Just as Turner grew by convincing advertisers and distributors of its value, Martin sees media rights as PFL’s biggest opportunity.

“UFC’s deal with Paramount—$1.1 billion a year—validated MMA as mainstream. We can leverage that validation to grow our own rights fees, sponsorship, licensing, merchandising, and live events.”

He describes his strategy as a “virtuous circle,” a business flywheel that starts with fans. “You get fans engaged, they spend more time and money with your brand, they become ambassadors, social media ignites it, and then you monetize. That cash allows reinvestment into fighters, events, and expansion. Success leads to more success.”

It’s a similar flow to what you see when a live service video game is built properly.

Fortnite, EA’s Ultimate Team and other collector modes didn’t come out of the gate charging for content. They established a value and attraction first before creating a lane for cashflow.

Playing the Long Game

Martin is clear-eyed about the challenges, which is refreshing.

As an MMA fan, more viable events is great. As an MMA journalist, the more promotions that draw fans, the more there is to write about and that strengthens your field of coverage.

UFC remains MMA’s juggernaut, and casual fans are still more likely to tune in when familiar names appear on the card. But Martin’s conviction is rooted in both personal experience and a career of scaling billion-dollar businesses.
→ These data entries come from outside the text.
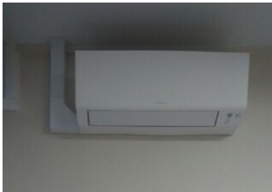
Installation de 7 appareils de climatisation réversible dont 2 ont été pris en charge par la mairie et le reste à la charge de la Chesnaye. Cette intervention répondait à l'obligation de climatiser les locaux communs au sein d'une maison de retraite. C'est l'entreprise Fluzat d'Ainay le Château qui est intervenue.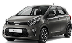
Astro Grey (M7G) metallic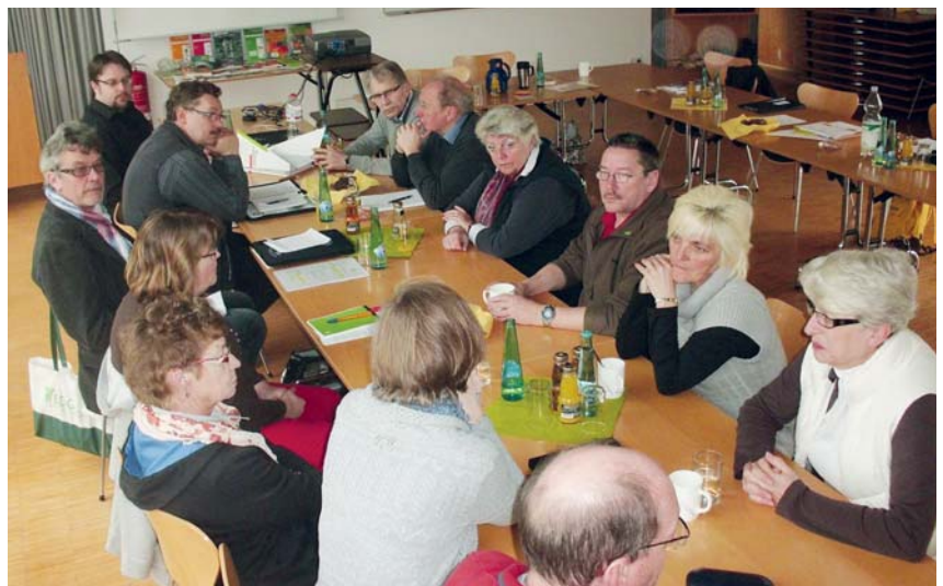
Kinder- und Jugendprojekte bekannt machen, Ideen und Erfahrungen austauschen – das ist ein wesentliches Ziel der 1. Netzwerktagung der Schreberfreunde NRW.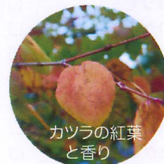
カツラの紅葉と香り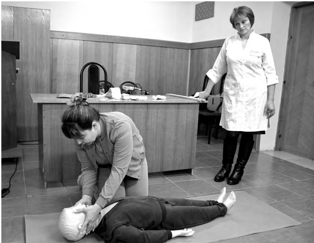
Базовые навыки оказания первой медицинской помощи могут спасти чью-то жизнь.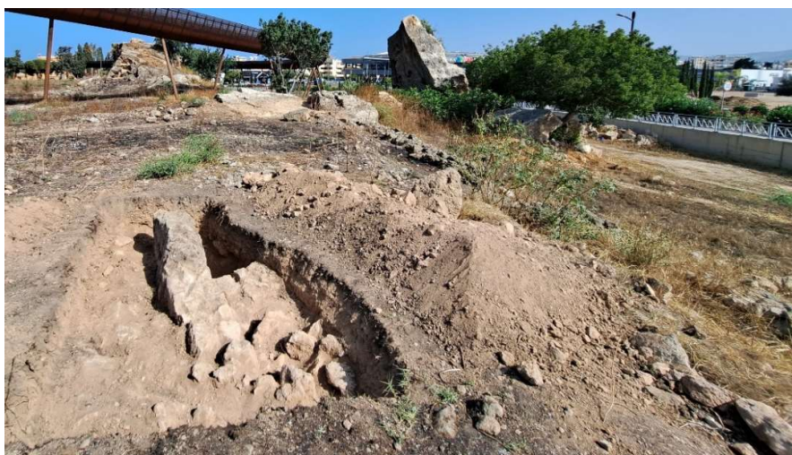
Fig. 17. Mise au jour de la roche taillée et d'un mur de soutènement. Vue vers l'Ouest.

Le sondage a montré qu'il s'agissait en fait de la roche en place, du substrat taillé verticalement, négatif de l'extraction de blocs ( fig. 17 à 19 ). Contre la face Nord de la paroi rocheuse verticale résiduelle vient s'abuter un mur dont seule une face a été mise en évidence. Il s'agit apparemment d'un mur de soutènement qui retient un remblai de pierres de tout venant.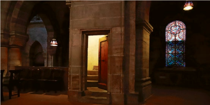
Nachts im Münster herrscht eine geborgene und zugleich geheimnisvolle Atmosphäre.

Für Jugendliche der 5. bis 7. Klasse wird von Samstag, 10. Mai, bis Sonntag, 11. Mai, ein ganz besonderes Camp angeboten. Wir essen und spielen gemeinsam und entdecken Geheimnisse des Basler Münsters. Nach einer Nacht im Münster findet mit dem Sonntagsgottesdienst das Lager seinen feierlichen Abschluss. Zum Gottesdienst um 10 Uhr im Münster sind die Familien der Teilnehmenden ebenfalls herzlich eingeladen. Informationen und Anmeldetalon zum Download: www.baslermuenster.ch/kirchliches-leben/jugendliche/nachts-im-muens-ter . Anmeldeschluss: 30. April. Die Teilnehmerzahl ist begrenzt.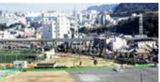
整備工事を行っている佐原2丁目公園野球場

矢部川に隣接する施工箇所のうち工法変更をしない理由や、川から距離がある箇所を工法変更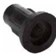
BC 05 Bucha 1/4" rosca plástica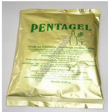
Slika 10. Petnagel, izvor : ( http://shop.cedar-agro.hr/catalog/product/view )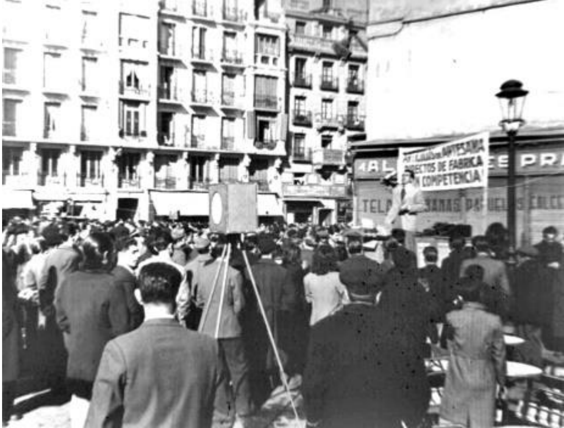
1946. CHARLATÁN CALLEJERO.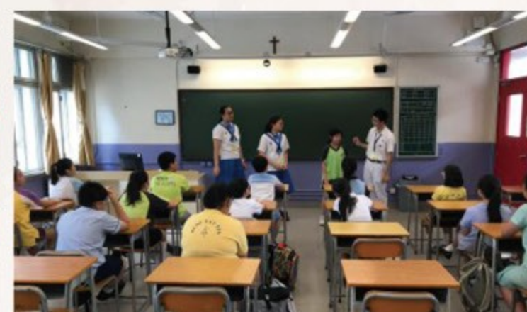
▲ 輪流作自我介紹，增加彼此認識。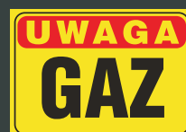
TBO - 67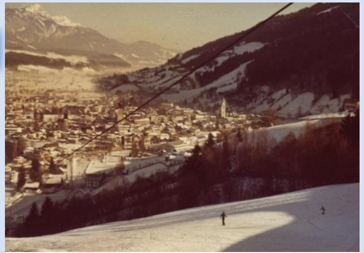
Blick auf Schladming vom Starchlhof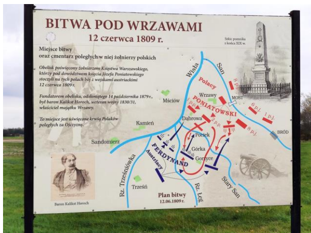
Zdjęcie nr 2: Tablica informacyjna.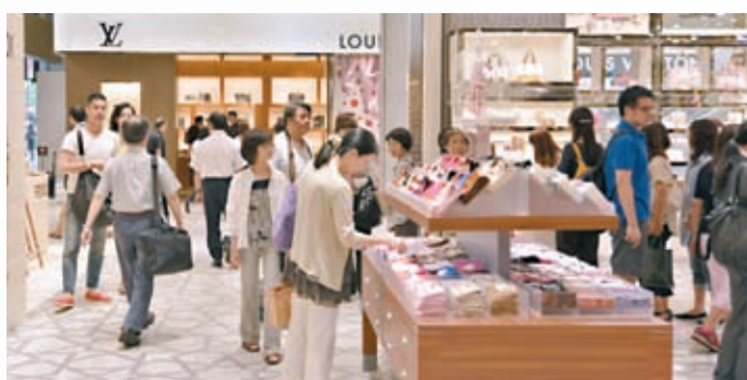
日本售賣奢侈品的店舖擠滿顧客。

報道指，涉事旅客往往以沒有金錢等原因，拒絕繳納稅款，逾九成的稅款均無法追討。當局除了考慮更改退稅流程，針對拖欠稅款的旅客，也考慮記錄涉事旅客欠稅，在其再度入境時追收。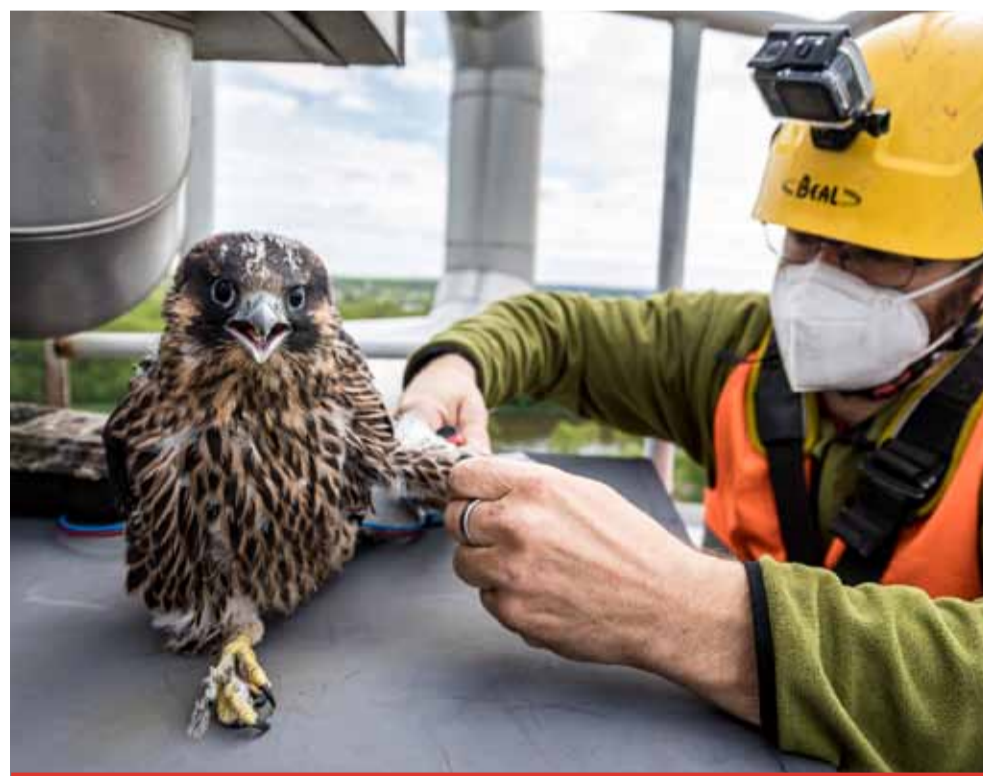
Mláďata, která se vylíhla v Unipetrolu, poslali rodiče v červenci na zkušenou do světa, kde po třech letech začnou sama s hnízděním. Na snímku probíhá kroužkování.

Výrobní areál Chempark v Záluží u Litvínova se mohl letos pochlubit rovnou pěti mláďaty sokolů stěhovavých. Na tamních komínkách hnízdily dva páry, což řadí chemičku k unikátním místům v Česku na ornitologické mapě, protože tak blízko vedle sebe sokolí většínou nehnízdí. Na komíně tepelnárny T700 se vylíhli ve stometrové výšce dvě samičky a jeden sameček a uživatelé Facebooku jim v soutěži nadělili jména Mía, Žofinka a Falco. Sledovat je bylo možné v živém přenosu na webu www.starameosokolky.cz . To hnízdění sokolů v druhé části litvínovského areálu – na etylenové jednotce – bylo dlouhou dobu tajemstvím. Mláďata se vylíhla jako poslední v celé skupině ORLEN Unipetrol. Sokolí rodiče i tady zamýšleli tříčlennou rodinu, protože ornitologové našli v hnízdě budce třetí, neoplozené vejce, ale příroda se zařídila po svém. V červenci rodiče poslali mláďata na zkušenou do světa, kde po třech letech začnou sama s hnízděním.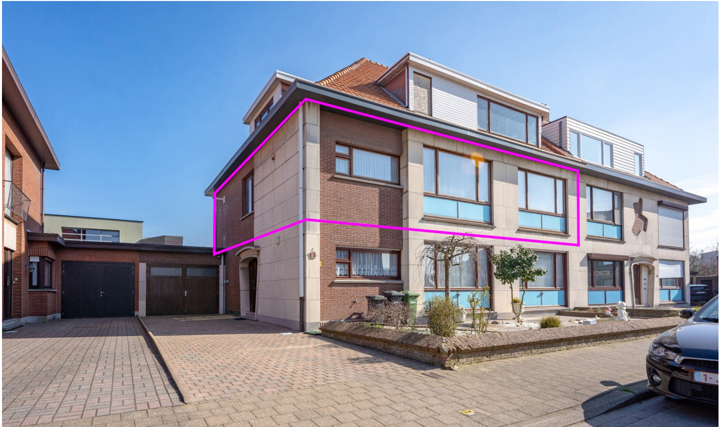
Kapellen | Appartement | € 1.100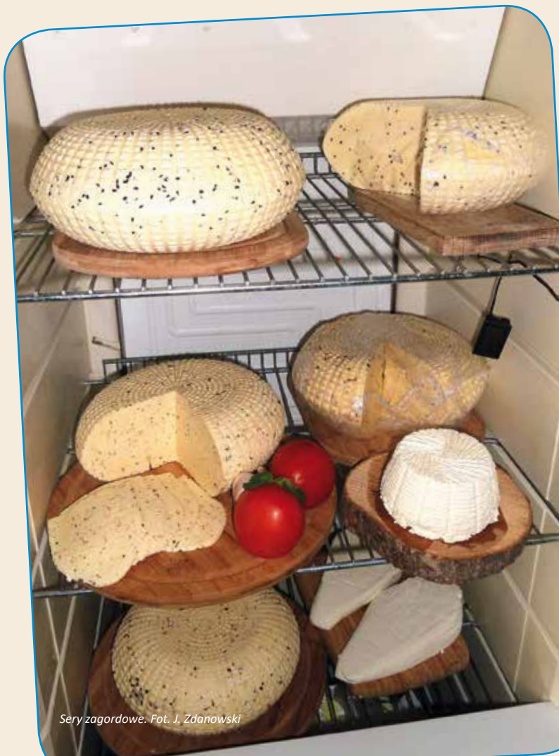
Sery zagrodowe.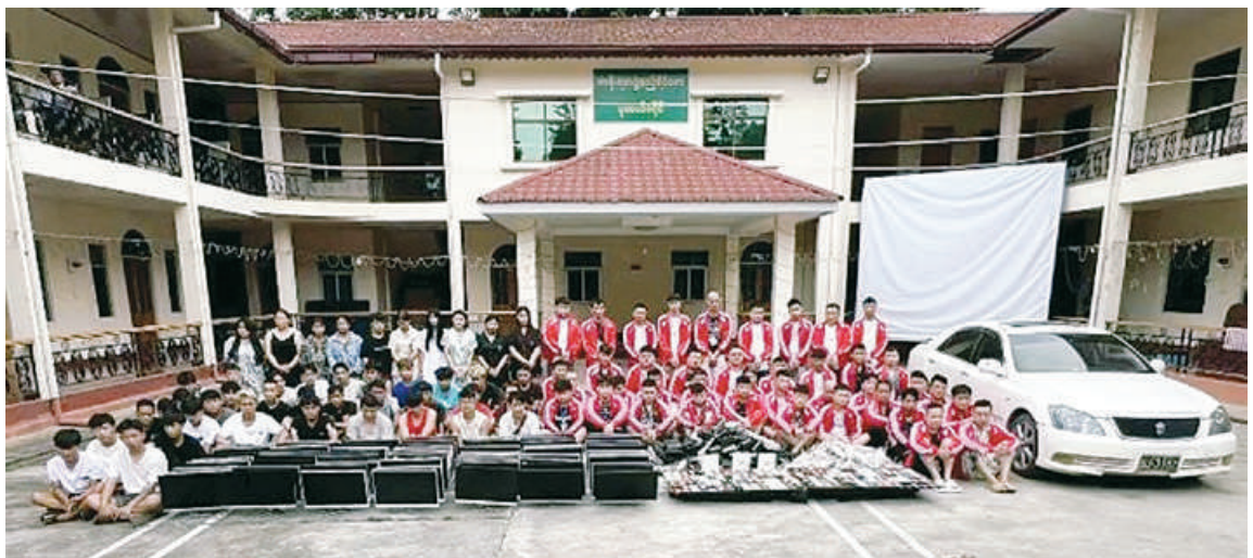
(၁၆-၆-၂၀၂၅)ရက်နေ့တွင် ရှမ်းပြည်နယ် မူဆယ်မြို့နယ်၌ တရားမဝင် Online ငွေကြေးလိမ်လည်လုပ်ငန်းလုပ်ကိုင်သူ မြန်မာနိုင်ငံသား ၉၇ ဦး၊ တရုတ်နိုင်ငံသား ၄၁ ဦးတို့ကို သက်သေခံပစ္စည်းများနှင့်အတူ ဖော်ထုတ်ဖမ်းဆီးရမိမှုမှတ်တမ်းဓာတ်ပုံ။

ဒီဇင်ဘာ ၃၁ ရက်ထိ ရန်ကုန်တိုင်းဒေသကြီးနှင့် ရှမ်းပြည်နယ်တို့၌ အမှုပေါင်း ၁၅ မှု မြန်မာနိုင်ငံသား အမျိုးသား ၄၉ ဦး၊ အမျိုးသမီး ၆၃ ဦး၊ နိုင်ငံခြားသား အမျိုးသား ၃၃၁ ဦး၊ အမျိုးသမီး ၃၂၇ ဦး၊ နိုင်ငံခြားသား အမျိုးသား ၇၆၁ ဦး၊ အမျိုးသမီး ၂၆ ဦးတို့ကိုလည်းကောင်း။ ၂၀၂၄ ခုနှစ် ဇန်နဝါရီ ၁ ရက်မှ ဒီဇင်ဘာ ၃၁ ရက်ထိ မန္တလေးတိုင်းဒေသကြီး၊ ရန်ကုန်တိုင်းဒေသကြီး၊ ရှမ်းပြည်နယ်တို့၌ အမှုပေါင်း ၆၆ မှု မြန်မာနိုင်ငံသား အမျိုးသား ၄၃၁ ဦး၊ အမျိုးသမီး ၃၂၇ ဦး၊ နိုင်ငံခြားသား အမျိုးသား ၇၆၁ ဦး၊ အမျိုးသမီး ၂၆ ဦးတို့ကိုလည်းကောင်း။ ၂၀၂၅ ခုနှစ် ဇန်နဝါရီ ၁ ရက်မှ ဒီဇင်ဘာ ၃၁ ရက်ထိ မန္တလေးတိုင်းဒေသကြီး၊ ရန်ကုန်တိုင်းဒေသကြီး၊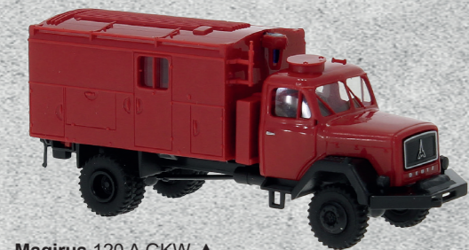
Magirus 120 A GKW ▲ Nr. v 46435 19.95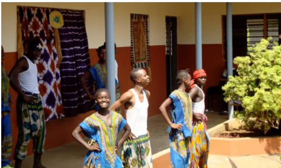
CLASE DE DANZA

La escuela-taller es totalmente gratuita. Les proporcionamos material escolar, y todo lo necesario para los talleres que se imparten.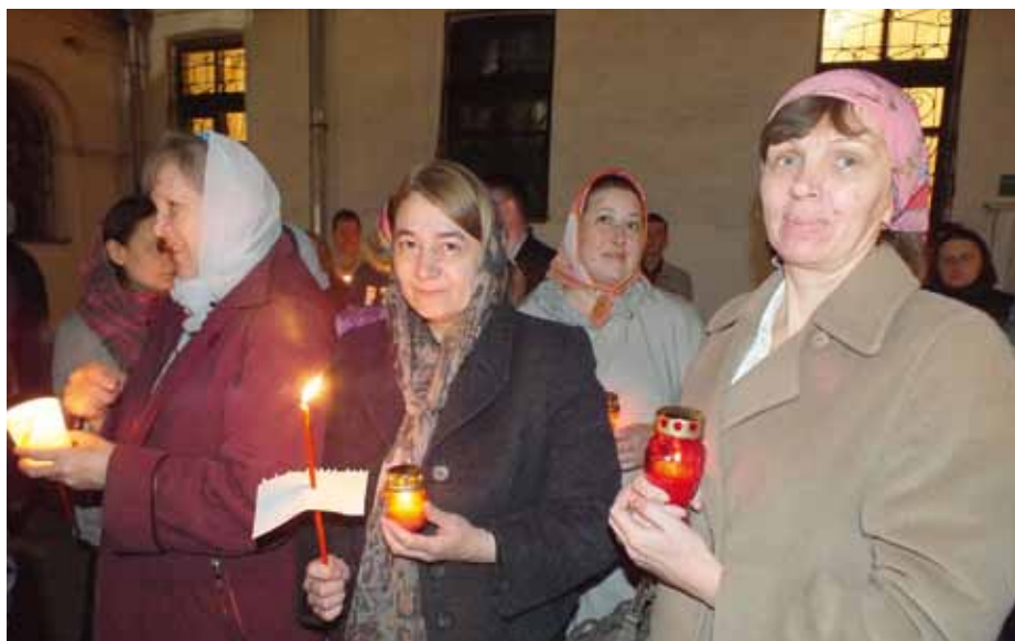
Крестный ход на Пасху

В храме экран был установлен ближе к клиросу, слайды были продемонстрированы согласно ходу службы и с помощью слышащих, знающих православные службы.

“If you take the PFL letters off the cage and replace them with UFC, a lot of fans wouldn’t know the difference. That means we’re already a substitute product. Now we just need to monetize like one.”

For Martin, the path from Turner to the cage is less a leap and more a logical next step.

“My focus as CEO has always been: how do we grow the value and revenue of a business?” he said in his PFL bio. “With MMA’s global explosion, I see a transformational future for PFL. The opportunity here is unmatched in global sports.”

No one knows if the PFL will attain its goals for growth and increased legitimacy, but based on my experience as a consumer and the study of the success and failure of fight promotions, the concepts Martin presents has things pointed in the right direction.